İnsan yeteneğinin sınırları, bir anlamda evrensel gelişimin en üst düzeyidir. Bu öyle büyük ve sınırlı aklın duvarlarını zorlayacak düzeydedir ki, tüm kutsal kitapları yazdıran, kaleme alan ve ona inanan, tapınan ve uğruna ölümlere yürüyen insan gerçeği bunun sadece görünür bir örneğidir. Evrendeki oluşun bütünlüğüne bir anlam vermek, her oluşta bir anlam bulunduğunu ve bunun insana uzak ya da ters olmadığını bilmek, insan olmaktır. Kendinden gayri bütün oluşu, yenilgi saymadan kabullenmek ve kendi varlığına saldırı olarak görmemek, insanda dile gelen ve evren yaşamının yüceltilmesi olan evrensel mükemmeliyetin farkında olmaktır. Farkında olmayan sevemez, gönül veremez, evrenin zerrelere yerleşen anlamına erişemez. Bundandır, her sevmekte biraz kendini sevmek vardır. Bunu her ifade edişte insan olmanın farkındalığının beyanı vardır. Bu farkındalık kim olduğu arayışına bir cevap olabilir. O her aşkta aranan, her yorulmada özlenen, her yürek susuzluğunda akla gelen sırrı kim bilebilir ki. Kelebek bilse kozadan çıkışını, belki insan da çözebilir o soluğun sırrını. Kozadan çıktıktan sonra kelebek olarak yaşamak ve yaşamı bu pencereden algılamak, zamanın ve mekânın kesişmesi olan şimdiyi yaşamaktır.  Koza, kelebeğin şimdide yaşamasının oluşturucusudur. Onun ilk zamanının oluşturucusudur. İnsan için ise kanatlı düşünebilmek ve benliğini kozanın duvarları arasına sıkıştırmamak anlamlı yaşamanın bir gereğidir. Aynı zamanda kendi kozasını bilmek kadar bir insan olarak uçmaya meyletmek, varoluşunu evrenin bütünlüğü içinde görebilmek, kim olduğu sorusuna verilecek en anlamlı cevaptır.

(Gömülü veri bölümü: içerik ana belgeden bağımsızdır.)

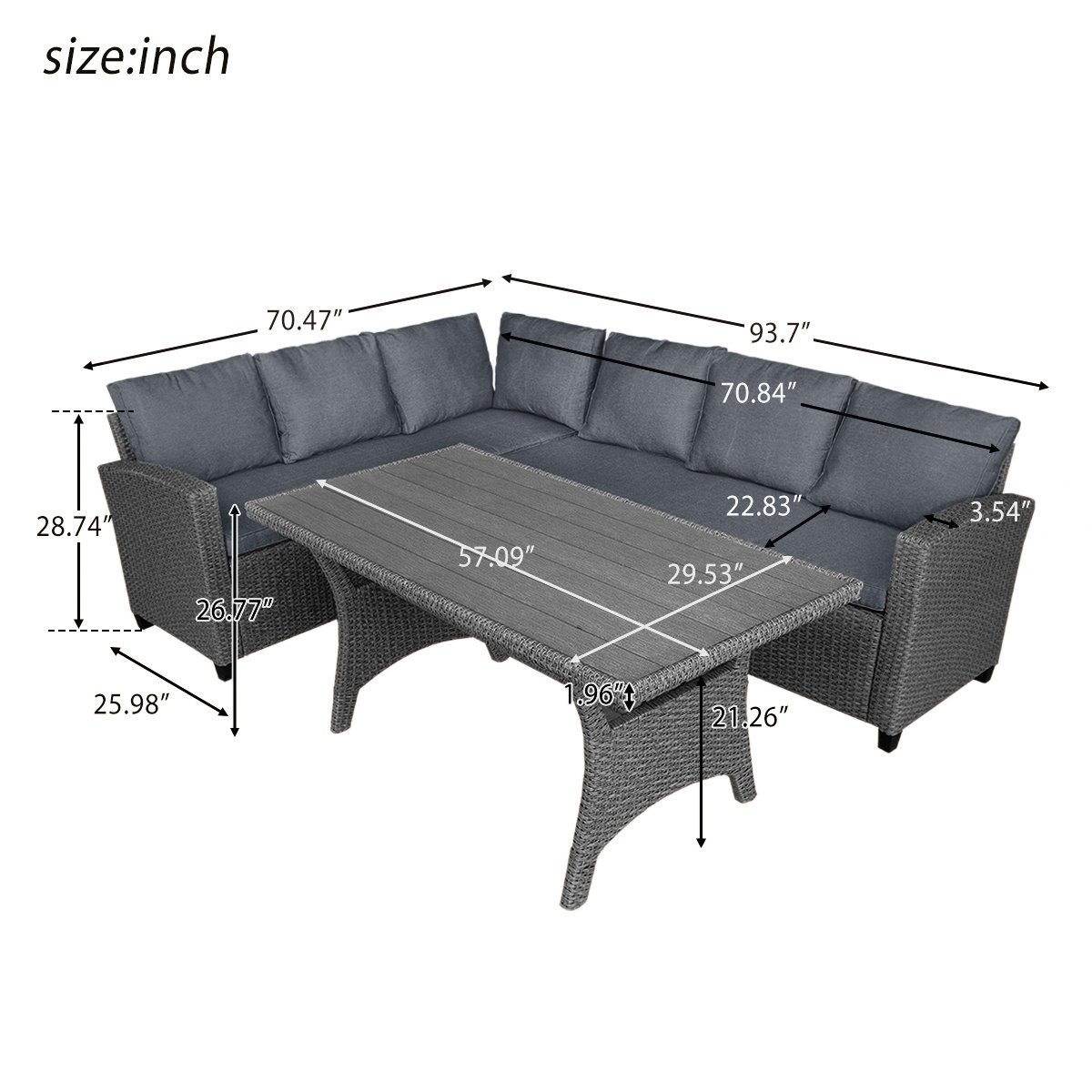 Patio Outdoor Furniture PE Rattan Wicker Conversation Set All-Weather Sectional Sofa Set with Table & Soft Cushions

İnsan, toplumsallaşmayla kozasından çıkmıştır ama bugün kelebek olmanın farkındalığını gerektiği kadar yaşayamamaktadır. Kendi farkına varamayan insan, büyük bir yanılgıyla yaşamakta, hiçbir varlığın farkına, gerçek manada varamamaktadır. Örneğin kuşların dilini bilmek, onların mizahi benzeşmesi gibi kuşdili taklidi yapmak değil, kuşların dilini anlamaktır. Kuş taklidi yapıp başka bir insana bunu anlatabilmek, insan dilinin yeni bir formudur. Anlamak için, anlamak istenilen şeyin ruhuna girmek, empati kurma adına onun gibi olmak, ondan olmak vesaire zorunlu değildir. Böyle başlayan anlamaklar homojenleştiren aynılaştırmalardır. Anlamak istediğin şeyi hissetmek ve duyumsayabilmektir anlamak. Hem de kendin olarak. Zaten empati deyince, genellikle ilgiye muhtaç olan, zayıf bir insanın ya da nesneleşen herhangi bir şeyin çağrışım yapması, başlı başına yanlış bir hayat algısıdır. Oysa en başta, cansız dediğimiz oluşlarla kendimiz arasında ve onları kendi tasarrufumuza alma amacı gütmeden empati kurabilmemiz gerekir. Bir insanın derdini diliyle bize söylüyor olması, bizim onu anladığımız anlamına gelmeyecektir. Yaprağın sonbahardaki hüznünü hissedemeyen, başka bir insanın hüznünü nasıl hissedebilir ki! Bir gülün dikenleriyle birlikte yıllarca sürüp giden anlatımını duyamıyorsak, aynı çağı paylaştığımız insanların binyıllara sığdırarak bugüne getirdikleri direnişleri nasıl bilebiliriz ki!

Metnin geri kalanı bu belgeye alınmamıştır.